### Task
Leaving out all images, write out the records that follow exactly.

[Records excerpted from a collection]
[Start of Attachment]

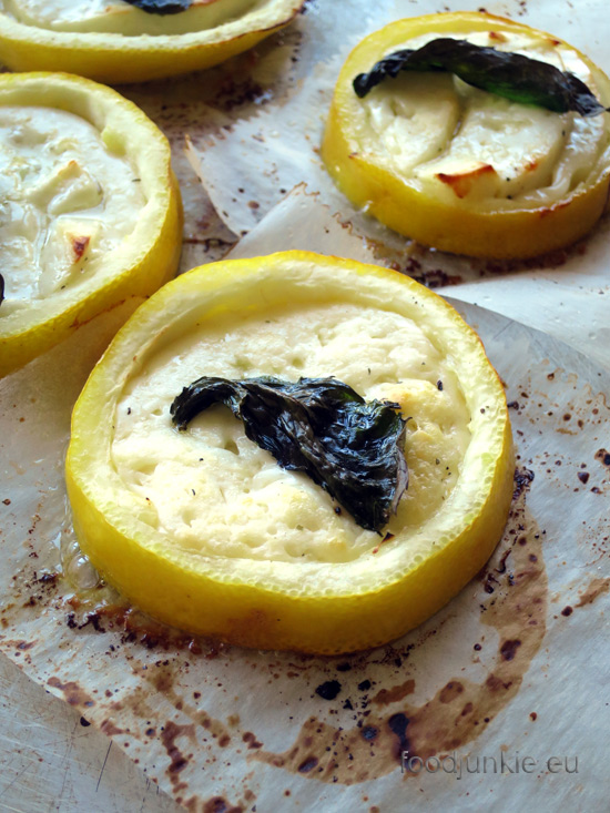 Στη σακούλα μαζί με τα υπέροχα περγαμόντα που μου έφεραν από το Δημινιό, υπήρχαν και μερικά από αυτά τα τεράστια, χοντρόφλουδα λεμόνια, σαν αυτά που βρίσκει κανείς στο Sorrento της Ιταλίας. Δεν έχω πάει στο όμορφο αυτό χωριό της γείτονος, από το οποίο προέρχεται το Limoncello, θυμήθηκα όμως μια ωραία συνταγή από τον Jamie Oliver και το βιβλίο του Jamie’s Italy. Στην ακτή του Αμάλφι λοιπόν, που είναι γεμάτη λεμονιές,  περιγράφει πώς αυτά τα χοντρόφλουδα λεμόνια τα κόβουν σε φέτες, τα αδειάζουν από τη σάρκα τους και τα γεμίζουν με μοτσαρέλα, αντζούγια και ντομάτα. Σκέφτηκα λοιπόν να κάνω κάτι παρόμοιο, αλλά πιο απλό, με το αγαπημένο μου Ταλαγάνι Μεσσηνίας, ένα τυρί παραδοσιακό μεν, καινούριο δε.
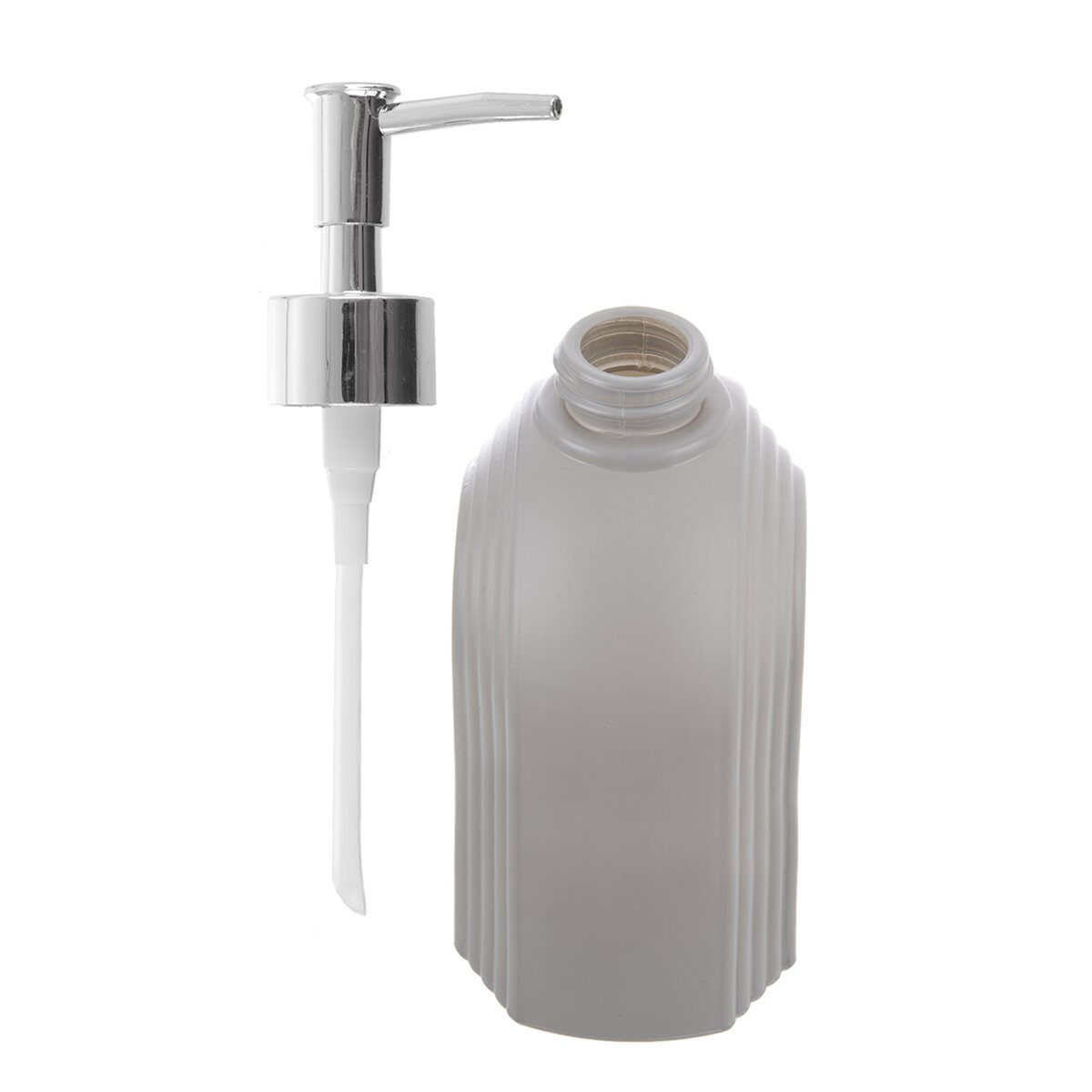 Kód produktu 530795Skleněný dávkovač mýdla nebo saponátu o objemu 0,32 l je zdoben zajímavým reliéfem a má šedý nástřik.
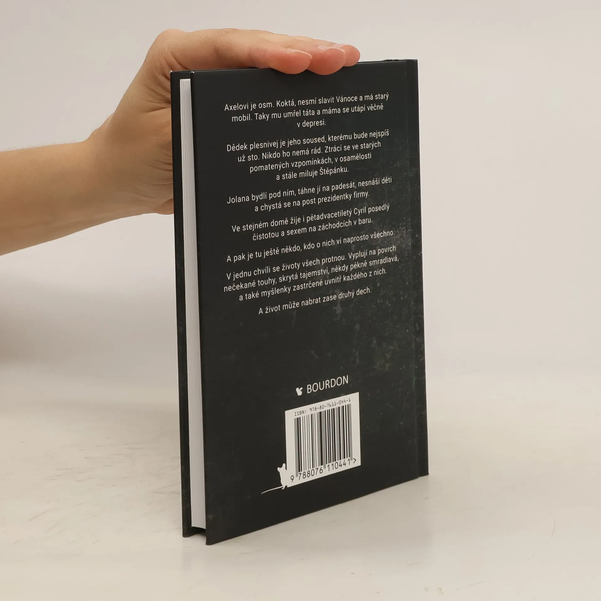 Axelovi je osm. Koktá, nesmí slavit Vánoce a má starý mobil. Taky mu umřel táta a máma se utápí věčně v depresi. Dědek plesnivej je jeho soused, kterému bude nejspíš už sto. Nikdo ho nemá rád. Ztrácí se ve starých pomatených vzpomínkách, v osamělosti a stále miluje Štěpánku. Jolana bydlí pod ním, táhne jí na padesát, nesnáší děti a chystá se na post prezidentky firmy. Ve stejném domě žije i pětadvacetiletý Cyril posedlý čistotou a sexem na záchodcích v baru. A pak je tu ještě někdo, kdo o nich ví naprosto všechno. V jednu chvíli se životy všech protnou. Vyplují na povrch nečekané touhy, skrytá tajemství, někdy pěkně smradlavá, a také myšlenky zastrčené uvnitř každého z nich. A život může nabrat zase druhý dech.
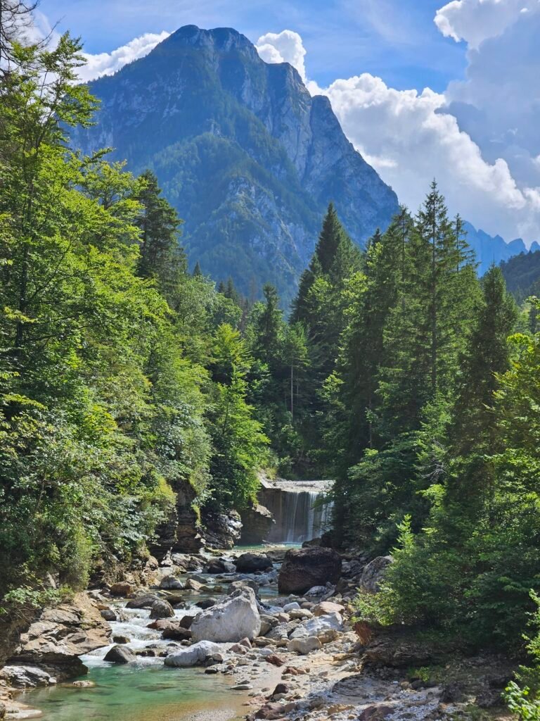 Saatiin herätä ehkä reissun yksissä kauniimmissa maisemissa Itävallassa korkealla vuoristossa – maisema oli kuin postikortti! Sieltä jatkoimme matkaa pitkin serpentiini teitä, turkoosia vettä ja toinen toistaan jylhempiä vuoria ihaillen kohti Slovenian rajalla sijaitsevaa Villachia.
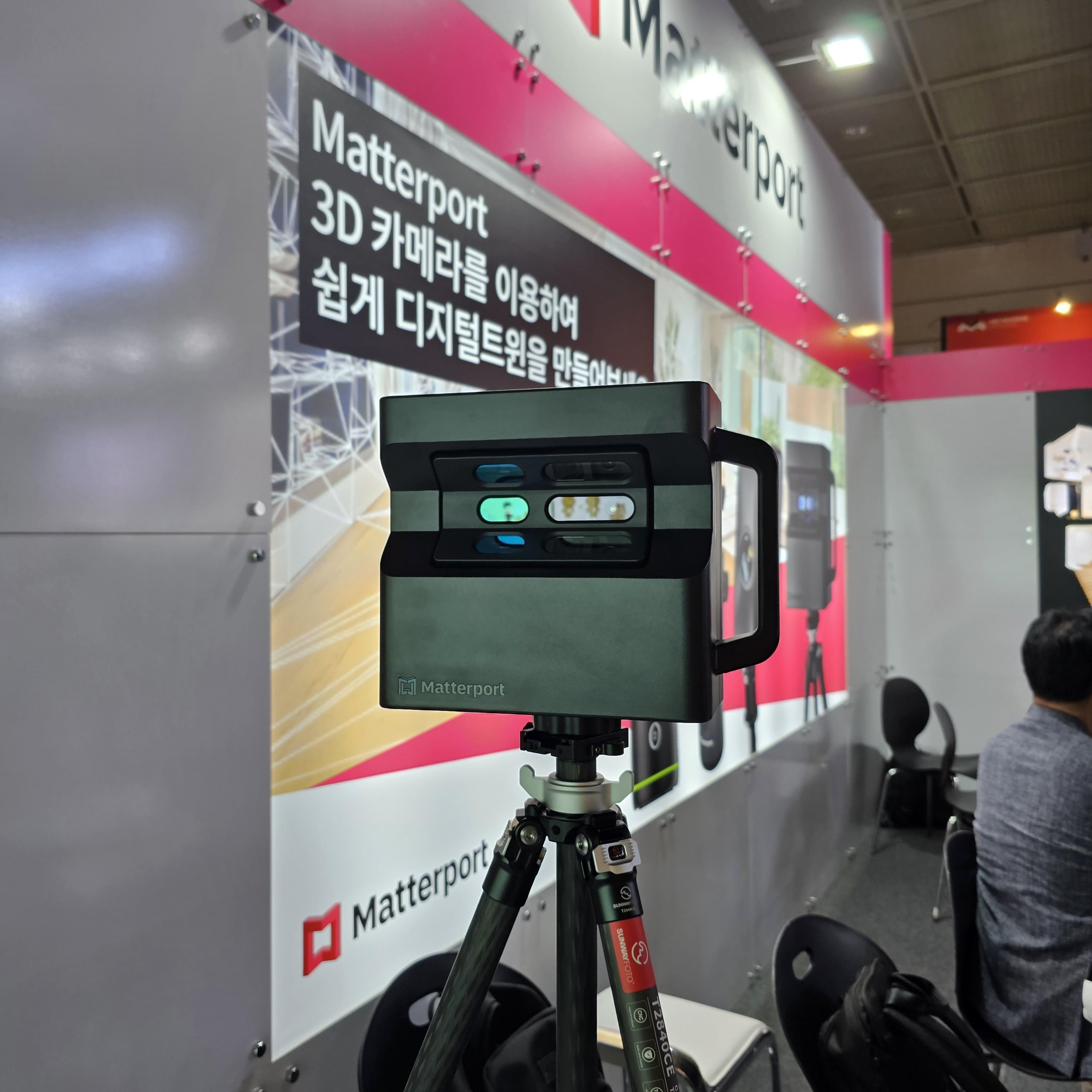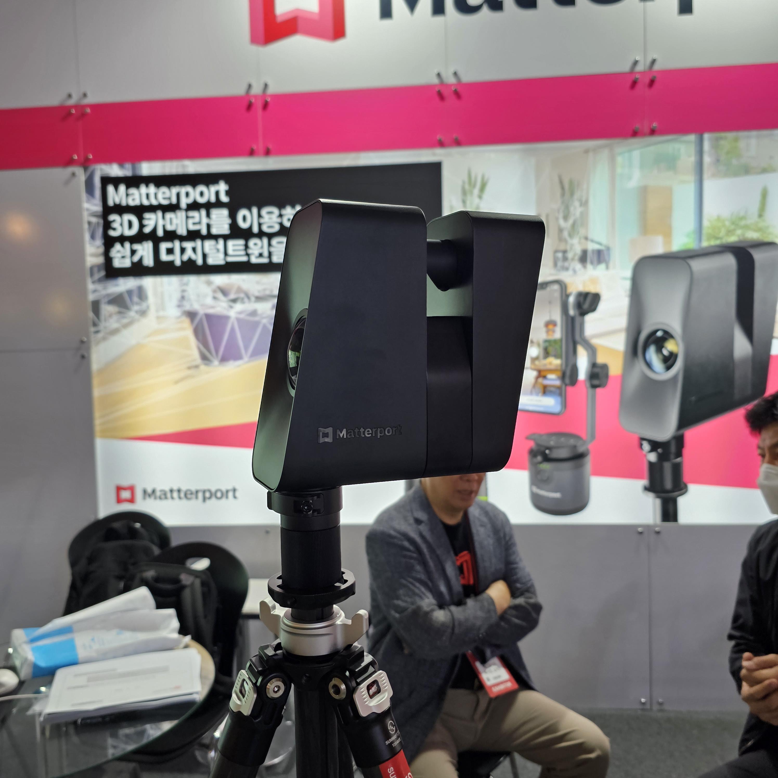 Matterport 부스이고 3d 카메라가 전시되어있다.

[End of Attachment]

### Task answer
 Στη σακούλα μαζί με τα υπέροχα περγαμόντα που μου έφεραν από το Δημινιό, υπήρχαν και μερικά από αυτά τα τεράστια, χοντρόφλουδα λεμόνια, σαν αυτά που βρίσκει κανείς στο Sorrento της Ιταλίας. Δεν έχω πάει στο όμορφο αυτό χωριό της γείτονος, από το οποίο προέρχεται το Limoncello, θυμήθηκα όμως μια ωραία συνταγή από τον Jamie Oliver και το βιβλίο του Jamie’s Italy. Στην ακτή του Αμάλφι λοιπόν, που είναι γεμάτη λεμονιές,  περιγράφει πώς αυτά τα χοντρόφλουδα λεμόνια τα κόβουν σε φέτες, τα αδειάζουν από τη σάρκα τους και τα γεμίζουν με μοτσαρέλα, αντζούγια και ντομάτα. Σκέφτηκα λοιπόν να κάνω κάτι παρόμοιο, αλλά πιο απλό, με το αγαπημένο μου Ταλαγάνι Μεσσηνίας, ένα τυρί παραδοσιακό μεν, καινούριο δε.
 Kód produktu 530795Skleněný dávkovač mýdla nebo saponátu o objemu 0,32 l je zdoben zajímavým reliéfem a má šedý nástřik.
 Axelovi je osm. Koktá, nesmí slavit Vánoce a má starý mobil. Taky mu umřel táta a máma se utápí věčně v depresi. Dědek plesnivej je jeho soused, kterému bude nejspíš už sto. Nikdo ho nemá rád. Ztrácí se ve starých pomatených vzpomínkách, v osamělosti a stále miluje Štěpánku. Jolana bydlí pod ním, táhne jí na padesát, nesnáší děti a chystá se na post prezidentky firmy. Ve stejném domě žije i pětadvacetiletý Cyril posedlý čistotou a sexem na záchodcích v baru. A pak je tu ještě někdo, kdo o nich ví naprosto všechno. V jednu chvíli se životy všech protnou. Vyplují na povrch nečekané touhy, skrytá tajemství, někdy pěkně smradlavá, a také myšlenky zastrčené uvnitř každého z nich. A život může nabrat zase druhý dech.
 Saatiin herätä ehkä reissun yksissä kauniimmissa maisemissa Itävallassa korkealla vuoristossa – maisema oli kuin postikortti! Sieltä jatkoimme matkaa pitkin serpentiini teitä, turkoosia vettä ja toinen toistaan jylhempiä vuoria ihaillen kohti Slovenian rajalla sijaitsevaa Villachia.
 Matterport 부스이고 3d 카메라가 전시되어있다.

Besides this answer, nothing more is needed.